Let’s admit it: We are indeed mad creatures.

This should truly have been the time of our discontent. The northern hemisphere just experienced the hottest summer in recorded history, including month by month the warmest June, July, August, and (by a country mile) September ever. Staggering heat records were set in place after place globally. Fires from Canada to Hawaii to Europe broke all records. (In fact, those Canadian summer fires are now threatening to burn straight into the winter months for the first time — and I fear this phrase is going to be become all-too-boringly repetitive — in history.) The southern hemisphere had a “winter” from — yes! — hell. In Europe, which was burning up, Greece experienced unprecedented fires and floods as well. Libya had a significant part of a major city washed away. China, too, experienced unprecedented flooding around its capital, where 1.2 million people had to be evacuated, and in Hong Kong, too. The sea ice in the Antarctic fell to the lowest levels (yes again!) in recorded history, as did sea ice in the Arctic, helping to ensure a future in which rising sea levels could flood coastal cities. And Greenland has been lending a hand to that same future, starting 2023 with temperatures unmatched in at least 1,000 years and still setting new temperature records in July. Worse yet, that’s just to begin down a list that increasingly seems unending.

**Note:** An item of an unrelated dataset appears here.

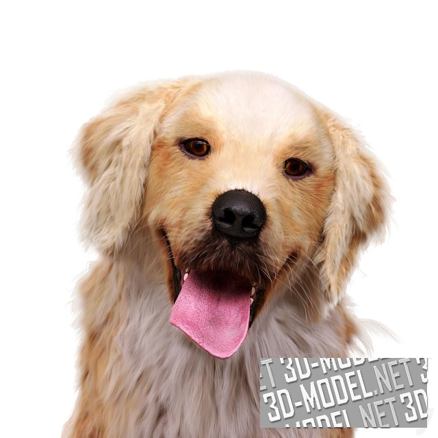 Реалистичная собака породы золотой ретривер. Дружелюбие и добродушие породы детально передает поза собаки. Качество трехмерной модели позволяет с успехом использовать ее в различных проектах.

In certain parts of my own country, the United States, this summer was all too literally a hell on Earth and, as a New York Times piece headlined it recently, also “A Summer Preview of the Future; Floods, Fires, and Stifling Heat.” (Its first line: “It felt like the opening minutes of a disaster movie.”) A stunning heat wave, for instance, stretched across a drought-stricken Southwest all the way to California, while Phoenix, Arizona, hit an almost unbelievable temperature record of 54 days of 110-degree heat or higher! (Oh, wait, make that 55!)

oil rigs and fire

And that, of course, was just to begin down a seemingly endless list. I haven’t even mentioned disappearing mountain glaciers or the soaring temperatures of South Asia or the Middle East. (Iran hit a record heat index temperature of 158 degrees in August.) But let me stop there. It isn’t hard to see that, if we humans continue to use staggering amounts of fossil fuels and so pour ever more greenhouse gasses into the atmosphere — and the latest study indicates that they are heading in that direction at record levels — the Earth, or at least life as we humans have known it on this planet, will, in the long run, almost literally go down in… what else?… flames.